I have a spark SQL query as below:
with xxx as (
select pb_id, pb_name, req_id, level, t_val_id_path
from(
select pb_id, pb_name, req_id, explode(req_vals) as t_id
from A
where dt = '2022-11-20') a
join (
select t_val_id, level, t_val_id_path
from B
where dt = '2022-11-20')b
on a.t_id = b.t_val_id)
select distinct
pb_id, req_id, -1 as l1, -1 as l2, -1 as l3
from xxx
union all
select distinct
pb_id, req_id, t_val_id_path[0] as l1, -1 as l2, -1 as l3
from xxx
union all
select distinct
pb_id, req_id, t_val_id_path[0] as l1, t_val_id_path[1] as l2, -1 as l3
from xxx
where level > 0
union all
select distinct
pb_id, req_id, t_val_id_path[0] as l1, if(level > 0, t_val_id_path[1], 1) as l2, if(level > 1, t_val_id_path[2], 1) as l3
from xxx;
In Azure Databricks, the SQL query plan is below:
Question: From the SQL script it may just read table A & B of hive table. But in the query plan, we could see that we would read A 4 times and B 4 times. Is it possible that we read A & B just once and then do the filter and transformation in memory instead to read it again and again?

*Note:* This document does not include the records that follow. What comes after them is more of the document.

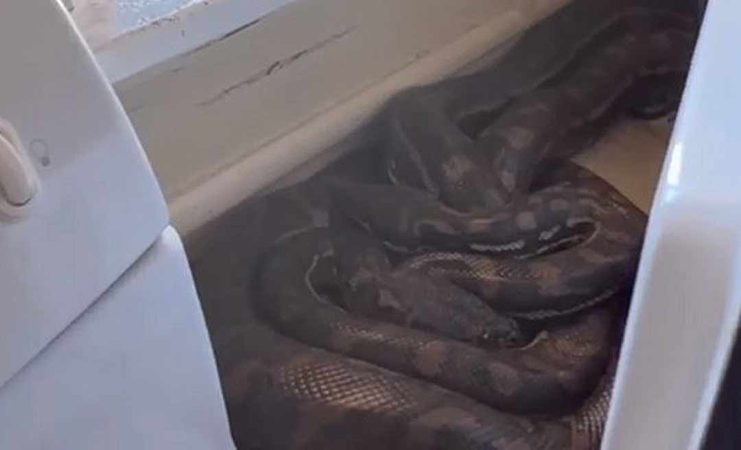Uma australiana encontrou duas cobras da espécie píton atrás do micro-ondas da cozinha de casa. Morada de Queensland, na costa leste do país, ela percebeu uma movimentação estranha próxima ao eletrodoméstico e se deparou com os animais grudados ao objeto.
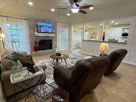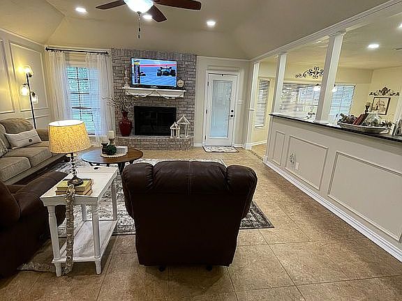 SpringHill home in sought after Hills & Trails neighborhood. 3/2/2 with 1798 sqft. Features include tray ceilings, WBFP, open kitchen, SS appliances, formal dining, or office, and mud room. Nice laundry with ample cabinets, open shelving, and folding table. Separate his and her walk-in closets in master bedroom. Other two bedrooms include walk-in closets as well. Guest bath has shower/tub combo with ceramic tile; and en suite master bath has been completely updated. Large covered patio and 12x10 wooden storage building. HVAC replaced in 2021. Outside AC unit replaced in 2020. Lot is .31 acre. This neighborhood is off of George Richey Rd. not what the Zillow map is showing.
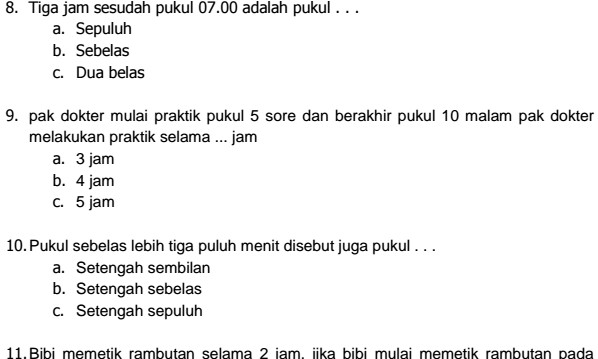 Soal mata pelajaran Matematika SD Kelas 2 Pengukuran waktu
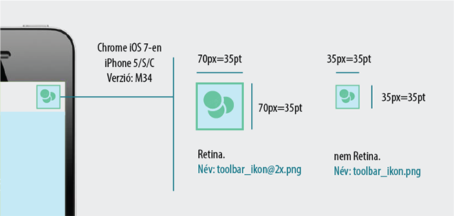 BUMM! Pont a kétszerese. Egyszerű szorzó. Így ahelyett, hogy kisebbek lettek volna, a képernyőn megjelenő elemek vizuálisan kétszer olyan élesek, hiszen kétszer annyi pixelből állnak, és méretükben pontosan egyezőek. Egy egyszerű 1 normál pixel= retina pixel, négyszer annyi pixel.
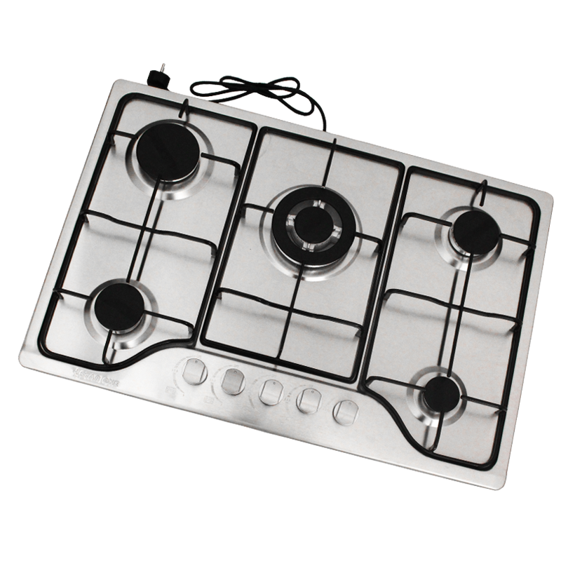 Plaque de cuisson encatrable StarOne - 5x Feux - Couleur Inox - Allumage automatique - Brûleurs à flamme pilotée - Grille noire en fonte émaillée - Dimensions Extérieur : 51 x 76.5 x 6.5 cm - Dimension Intérieur 47 x 72 x 4.5 cm - Garantie 1 an
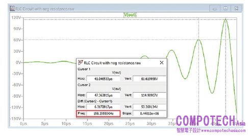 阻尼係數為-0.1時,振盪的實際頻率為994987 rads–1 (158.3 kHz)。
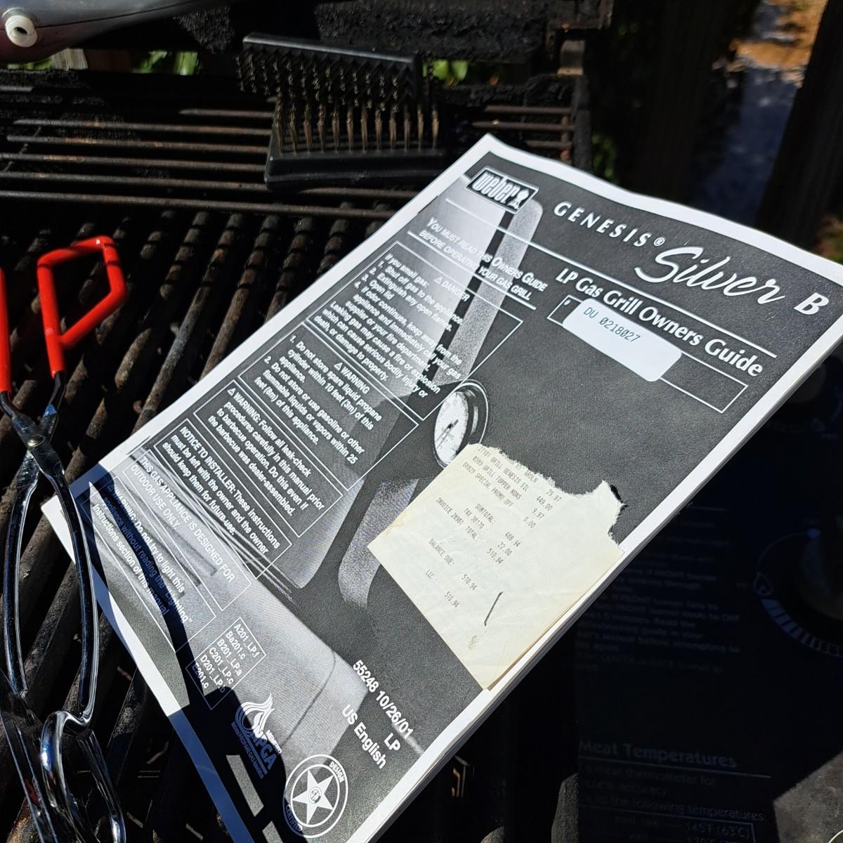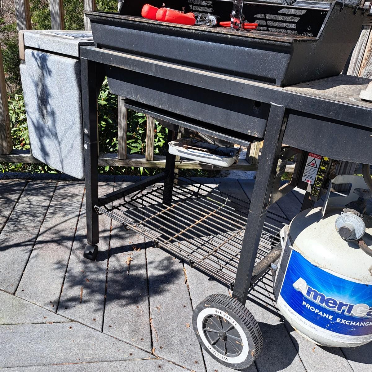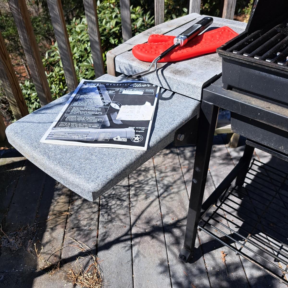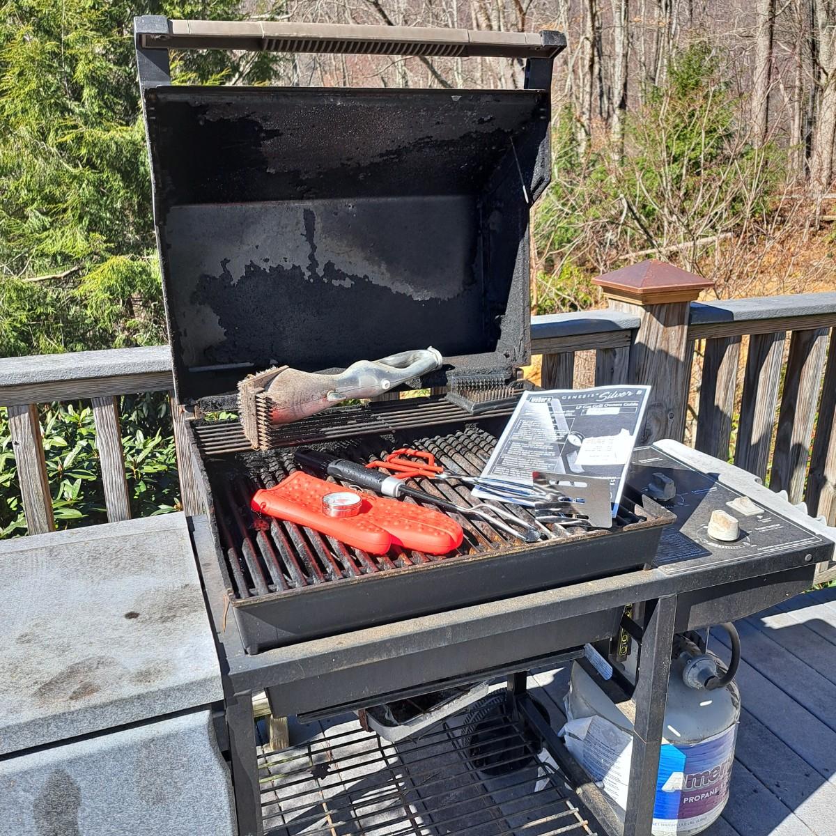 Weber model "Genesis Silver B" propane grill is 51" x 19" x 45"H and comes with a retractable arm/tray at one end for additional grilling space. Is equipped with a crossover ignition system, manual lighting and a meat temperatures adjustment. Plus, a handy equipment holder at end with a grease catcher. Included is a wire brush cleaner with attachments, tongs, fork, spatula thermometer and rubber glove. Complete with owner's manual! Grill is untested and contents of attached propane tank cannot be verified. Grill rack could use a bit of cleaning and there is a bit of creosote build-upon inside of cover. Get those burgers ready! Local pickup only.
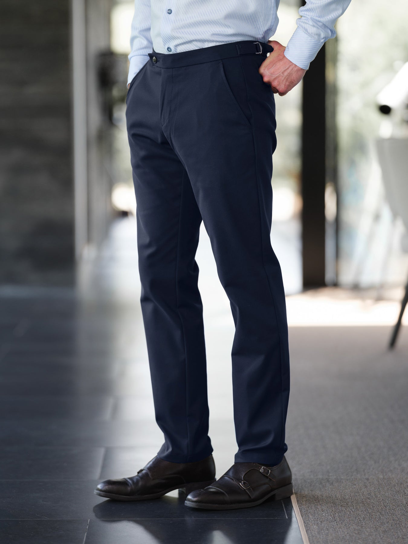 Zack Trouser er en behagelig bukse i klassisk navy farge. Den har normal livhøyde med skrålommer i front og passpolerte baklommer. Denne buksemodellen har noe løsere passform enn vår klassiske modell Tom Trouser.

CodePudding user response:
Maybe you can try to cache your xxx table. You can use cache also in sql, not only in df api
https://spark.apache.org/docs/3.0.0-preview/sql-ref-syntax-aux-cache-cache-table.html
So imo it may look like this:
spark.sql("CACHE TABLE xxx as (
select pb_id, pb_name, req_id, level, t_val_id_path
from(
select pb_id, pb_name, req_id, explode(req_vals) as t_id
from A
where dt = '2022-11-20') a
join (
select t_val_id, level, t_val_id_path
from B
where dt = '2022-11-20')b
on a.t_id = b.t_val_id)")
spark.sql(
"select distinct
pb_id, req_id, -1 as l1, -1 as l2, -1 as l3
from xxx
union all
select distinct
pb_id, req_id, t_val_id_path[0] as l1, -1 as l2, -1 as l3
from xxx
union all
select distinct
pb_id, req_id, t_val_id_path[0] as l1, t_val_id_path[1] as l2, -1 as l3
from xxx
where level > 0
union all
select distinct
pb_id, req_id, t_val_id_path[0] as l1, if(level > 0, t_val_id_path[1], 1) as l2, if(level > 1, t_val_id_path[2], 1) as l3
from xxx"
)